The main alloying elements are copper, chromium, and molybdenum. It has good comprehensive properties and can resist various acid corrosion and stress corrosion. The earliest application (produced in the United States in 1905) is nickel-copper (Ni-Cu) alloy, also known as Monel alloy (Monel alloy Ni 70 Cu30); in addition, there are nickel-chromium (Ni-Cr) alloy (that is, nickel-based heat-resistant alloy, heat-resistant corrosion alloy in corrosion-resistant alloy), nickel-molybdenum (Ni-Mo) alloy (mainly Hastelloy B series), nickel-chromium-molybdenum (Ni-Cr-Mo) alloy (mainly Hastelloy C series), etc. At the same time, pure nickel is also a typical representative of nickel-based corrosion-resistant alloys. These nickel-based corrosion-resistant alloys are mainly used to manufacture various corrosion-resistant environment parts such as petroleum, chemical industry, and electricity.
Nickel-based corrosion-resistant alloys mostly have austenitic structure.

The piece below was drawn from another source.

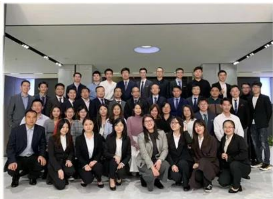
“项目宝”项目人员合照
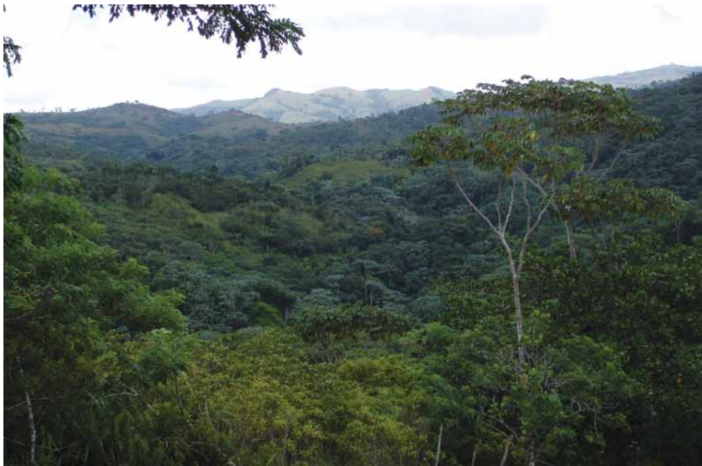
Forêt de feuillus humide aux altitudes moyennes de la Cordillera Septentrional, en République dominicaine.

Le Comité consultatif du FPHGB est composé de représentants de VCE, de l'Adirondack Nature Conservancy, de l'Adirondack Council, d'Audubon New York, de la Wildlife Conservation Society et de la Fundación Loma Quita Espuela. Son rôle consiste à conseiller l'ACT pour

In the state of solid solution and aging treatment, there are intermetallic phases and metal carbonitrides in the austenite matrix and grain boundaries of the alloy. The various corrosion-resistant alloys are classified by composition and their characteristics as follows:
Ni-Cu alloy has better corrosion resistance than nickel in reducing media, and better corrosion resistance than copper in oxidizing media. It is the best material for high-temperature fluorine gas, hydrogen fluoride and hydrofluoric acid in the absence of oxygen and oxidants (see metal corrosion).
Ni-Cr alloy is also a nickel-based heat-resistant alloy; it is mainly used in oxidizing media. It is resistant to high-temperature oxidation and corrosion by gases containing sulfur, vanadium, etc., and its corrosion resistance increases with the increase of chromium content. This type of alloy also has good resistance to hydroxide corrosion (such as NaOH, KOH) and stress corrosion.
Ni-Mo alloy is mainly used under conditions of reducing medium corrosion. It is the best alloy for hydrochloric acid corrosion resistance, but its corrosion resistance will decrease significantly in the presence of oxygen and oxidants.
Ni-Cr-Mo(W) alloy has the properties of the above-mentioned Ni-Cr alloy and Ni-Mo alloy. Mainly used in oxidation-reduction mixed medium conditions. This type of alloy has good corrosion resistance in high-temperature hydrogen fluoride gas, hydrochloric acid and hydrofluoric acid solutions containing oxygen and oxidants, and wet chlorine gas at room temperature.
Ni-Cr-Mo-Cu alloy has the ability to resist both nitric acid and sulfuric acid corrosion, and also has good corrosion resistance in some oxidation-reduction mixed acids.